I know this is an old question but I don't believe the old answer here really tackles the question fully. There are three ways you can think about it: what I will informally call the theoretical perspective, the data reduction perspective, and the replication perspective.

The theoretical perspective is that the fixed effects are those that you are actually interested in modeling as a direct effect on your outcome variable. We could include someone's gender/sex as a categorical predictor of income because we know from past research that these variables have some relationship with each other and can be an important one to investigate. However, some would be less concerned with, for example, the neighborhood someone comes from with relation to income if its not important to their model (though certainly this doesn't mean other researchers wouldn't find it so). If included as a random effect, we are in some part implying that we just think it's an annoyance factor that needs to be removed to clean up how accurate our fixed estimates are (though see below for when thats not such the case). A key thing to notice here is that one person's fixed effect can be another person's random effect depending on what they're trying to say about their model.

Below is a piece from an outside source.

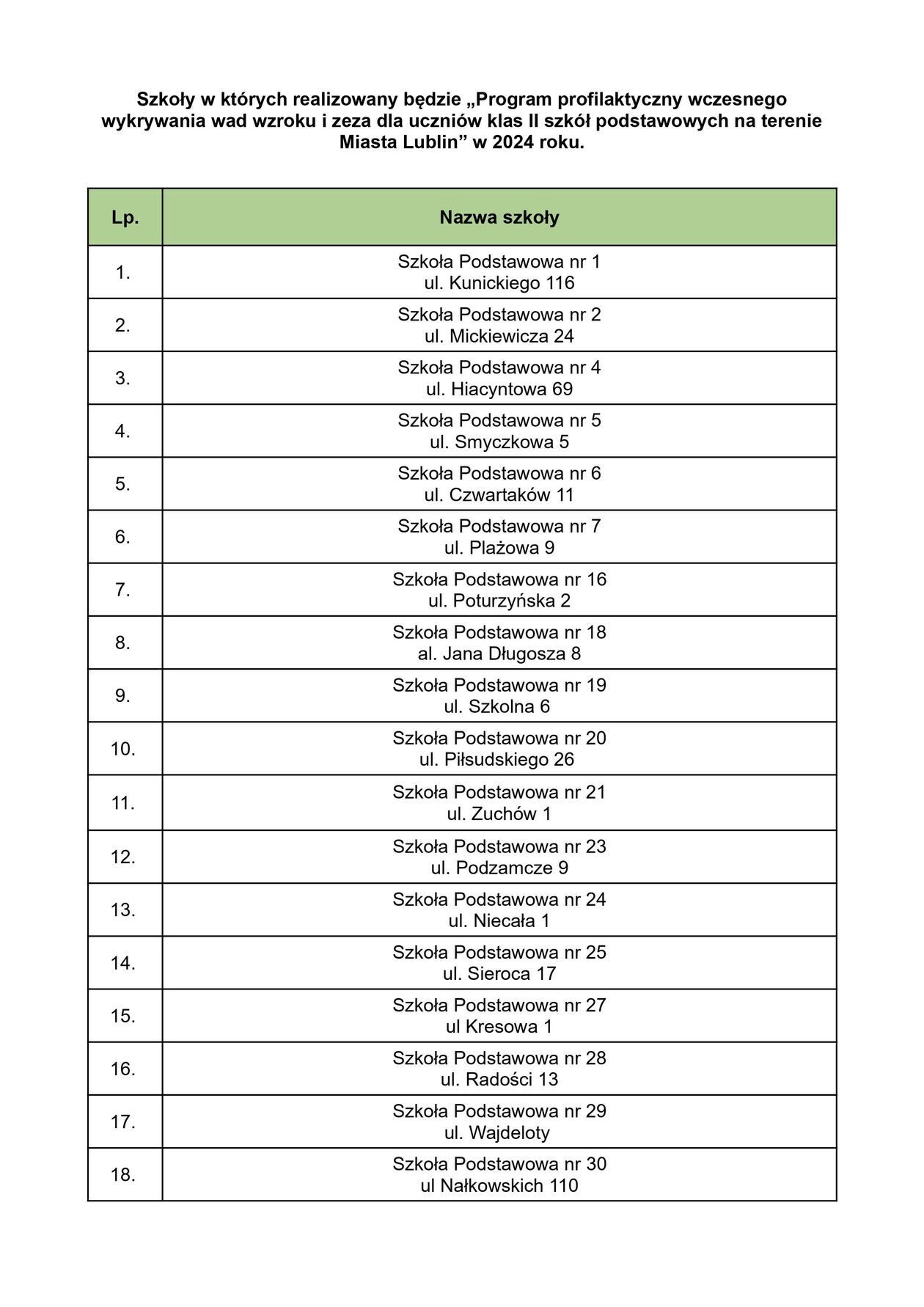 – Program będzie realizowany w gabinetach profilaktyki zdrowotnej zlokalizowanych na terenie lubelskich szkół przez pielęgniarki szkolne. Aby dziecko mogło w nim uczestniczyć, konieczna jest pisemna zgoda rodzica lub opiekuna. Dodatkowo zaplanowane w programie działania zakładają również poszerzenie wiedzy rodziców i opiekunów oraz kadry pedagogicznej na temat profilaktyki, wczesnego wykrywania oraz procesu leczenia wad wzroku u najmłodszych – przekazuje Anna Czerwonka z miejskiego Ratusza. – Do tej pory przebadano ponad 13 tys. lubelskich uczniów. Na realizację programu w 2024 roku Miasto przeznaczyło środki w wysokości 110 tys. zł – dodaje.

Another perspective, one that I think is often lost when mixed models are taught, is the data reduction perspective, which is simply that we want to summarize a lot of information about variations in a DV based off selected clusters. This in my opinion is often more informative, because we often aren't interested in a random effect with few levels or one that doesn't include a lot of variance...we want something normally that varies a lot in order to 1) summarize the average distance from, say, the conditional mean 2) specifically compare across a variety of clusters (for example seeing which schools are above the mean in reading outcomes over others) and 3) remove bias from standard errors in the regression. On a separate note, it also greatly reduces down the amount of information one has to interpret from the fixed effects portion of the model. Typically when you have a standard regression that uses a categorical variable with many levels, you will get as many coefficients as there are levels. This consequently can be a bit confusing to digest.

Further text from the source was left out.